## Collected material:
Content starts
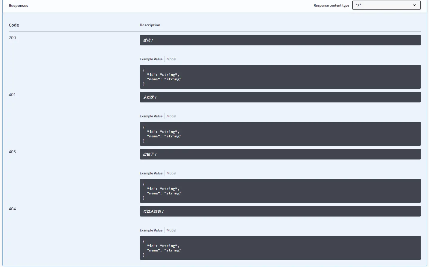 @ApiResponse(code = 403, message = "出错了!", response=Product.class)
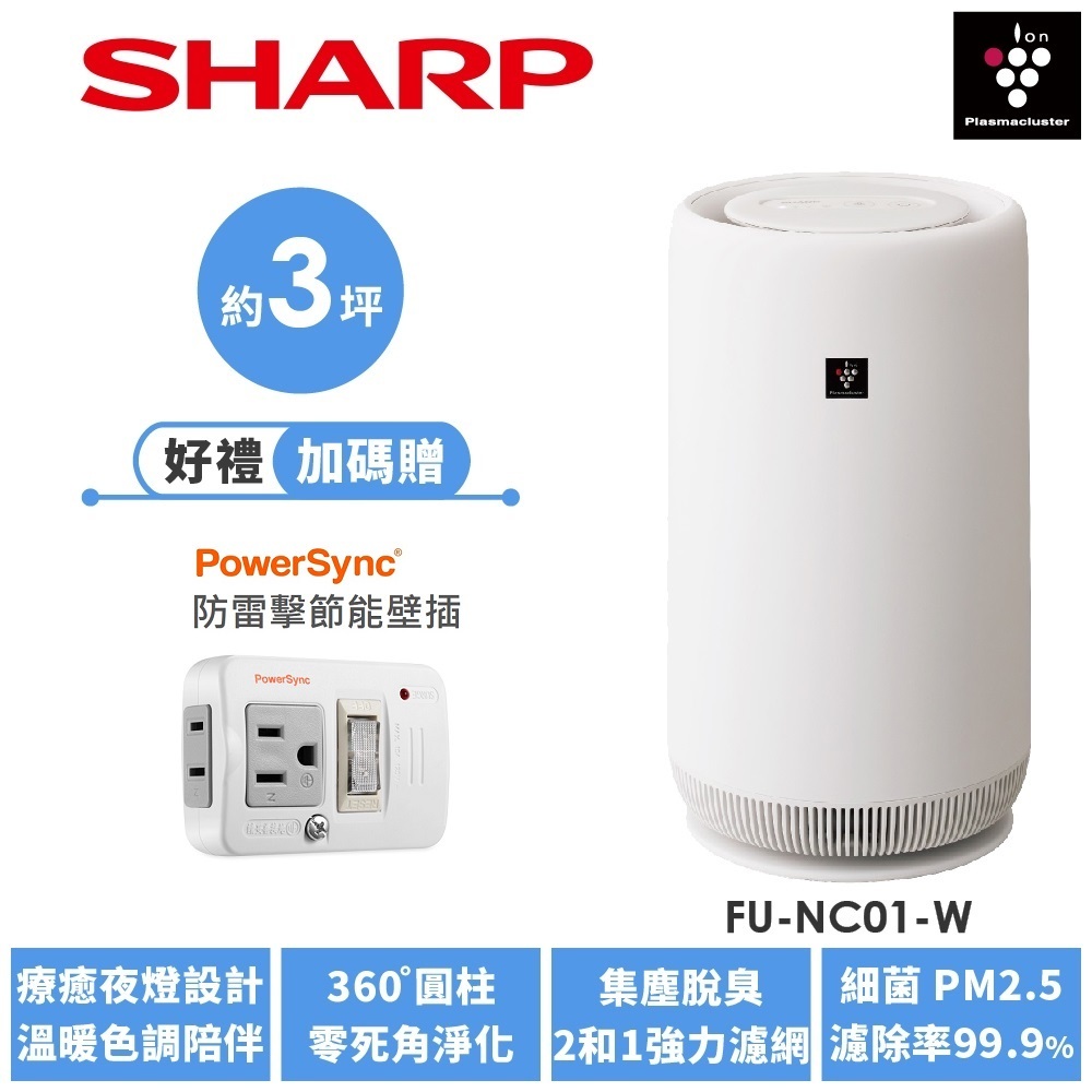 【SHARP夏普】 360度呼吸圓柱空氣清淨機 FU-NC01-W 3坪 送防雷擊節能壁插限時特賣 FU-NC01-W|FU-NC01-WAir Treatment SHARP 夏普旗艦館
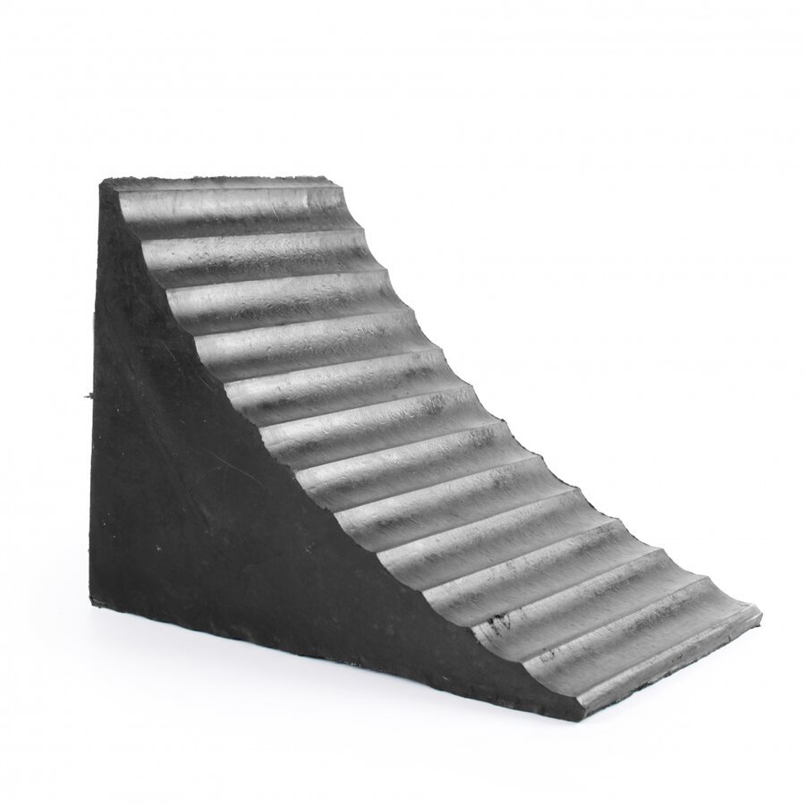 Černý gumový zakládací klín je vysoce účinným bezpečnostním prvkem pro zajištění vozidel proti samovolnému pohybu. Díky ideálnímu sklonu a provedení z pryže klín dosahuje zvýšeného smykového tření s povrchem, což zajišťuje maximální stabilitu i na prudších svazích.
Content ends
An exact copy of the listing is required; return it without any pictures.

 @ApiResponse(code = 403, message = "出错了!", response=Product.class)
 【SHARP夏普】 360度呼吸圓柱空氣清淨機 FU-NC01-W 3坪 送防雷擊節能壁插限時特賣 FU-NC01-W|FU-NC01-WAir Treatment SHARP 夏普旗艦館
 Černý gumový zakládací klín je vysoce účinným bezpečnostním prvkem pro zajištění vozidel proti samovolnému pohybu. Díky ideálnímu sklonu a provedení z pryže klín dosahuje zvýšeného smykového tření s povrchem, což zajišťuje maximální stabilitu i na prudších svazích.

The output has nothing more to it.